What the task asks
Each line from the one containing "Gerhodineerd 925 zilveren" through the last line of the data below should be printed exactly, please, with any pictures omitted.

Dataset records
........
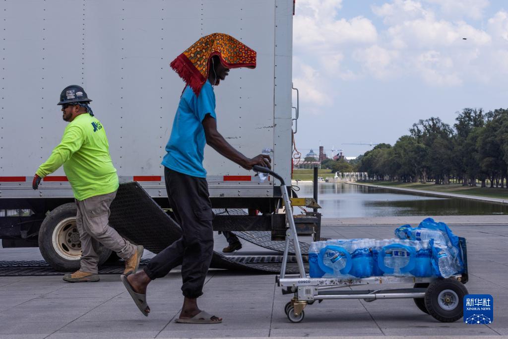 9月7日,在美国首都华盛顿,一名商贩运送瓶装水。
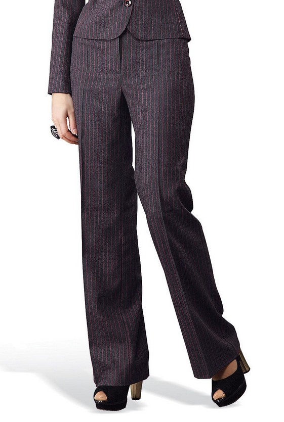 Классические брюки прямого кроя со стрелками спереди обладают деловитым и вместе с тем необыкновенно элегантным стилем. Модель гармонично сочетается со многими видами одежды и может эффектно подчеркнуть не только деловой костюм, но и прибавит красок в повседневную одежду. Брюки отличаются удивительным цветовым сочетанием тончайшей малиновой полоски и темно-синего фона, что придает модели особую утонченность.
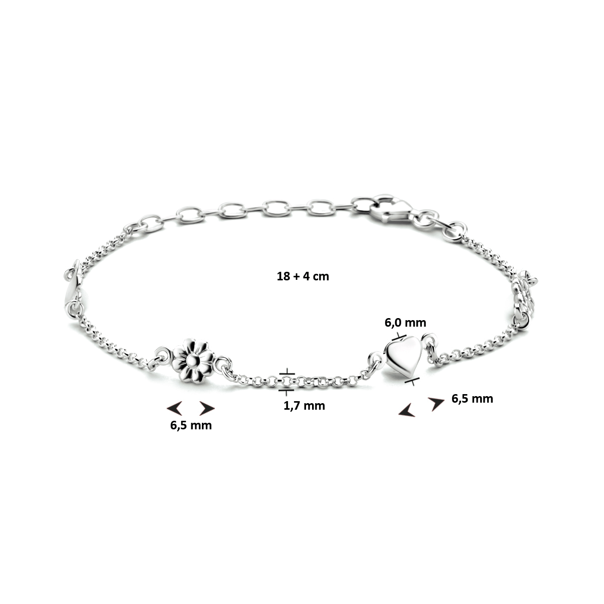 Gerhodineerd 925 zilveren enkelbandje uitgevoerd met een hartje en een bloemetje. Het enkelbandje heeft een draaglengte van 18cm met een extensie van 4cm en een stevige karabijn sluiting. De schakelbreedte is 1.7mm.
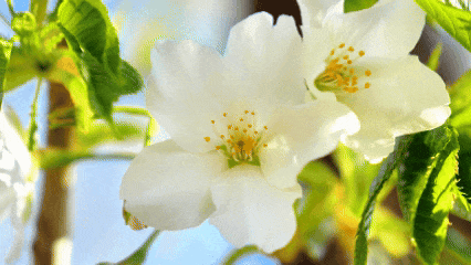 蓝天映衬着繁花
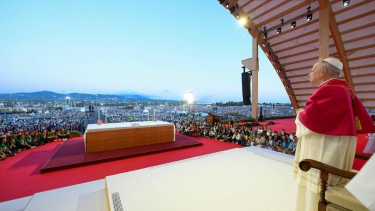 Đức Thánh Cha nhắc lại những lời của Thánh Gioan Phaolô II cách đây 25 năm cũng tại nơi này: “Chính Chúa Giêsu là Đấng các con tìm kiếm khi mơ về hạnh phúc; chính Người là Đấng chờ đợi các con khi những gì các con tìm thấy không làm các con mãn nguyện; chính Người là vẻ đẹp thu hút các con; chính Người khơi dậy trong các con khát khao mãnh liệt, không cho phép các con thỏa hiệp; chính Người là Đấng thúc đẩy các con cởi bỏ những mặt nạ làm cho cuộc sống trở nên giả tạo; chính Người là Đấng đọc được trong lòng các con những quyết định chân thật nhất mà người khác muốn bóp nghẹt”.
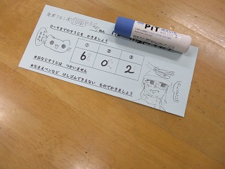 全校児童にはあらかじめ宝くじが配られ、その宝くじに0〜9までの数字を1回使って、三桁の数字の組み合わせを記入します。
........
Completed task
 Gerhodineerd 925 zilveren enkelbandje uitgevoerd met een hartje en een bloemetje. Het enkelbandje heeft een draaglengte van 18cm met een extensie van 4cm en een stevige karabijn sluiting. De schakelbreedte is 1.7mm.
 蓝天映衬着繁花
 Đức Thánh Cha nhắc lại những lời của Thánh Gioan Phaolô II cách đây 25 năm cũng tại nơi này: “Chính Chúa Giêsu là Đấng các con tìm kiếm khi mơ về hạnh phúc; chính Người là Đấng chờ đợi các con khi những gì các con tìm thấy không làm các con mãn nguyện; chính Người là vẻ đẹp thu hút các con; chính Người khơi dậy trong các con khát khao mãnh liệt, không cho phép các con thỏa hiệp; chính Người là Đấng thúc đẩy các con cởi bỏ những mặt nạ làm cho cuộc sống trở nên giả tạo; chính Người là Đấng đọc được trong lòng các con những quyết định chân thật nhất mà người khác muốn bóp nghẹt”.
 全校児童にはあらかじめ宝くじが配られ、その宝くじに0〜9までの数字を1回使って、三桁の数字の組み合わせを記入します。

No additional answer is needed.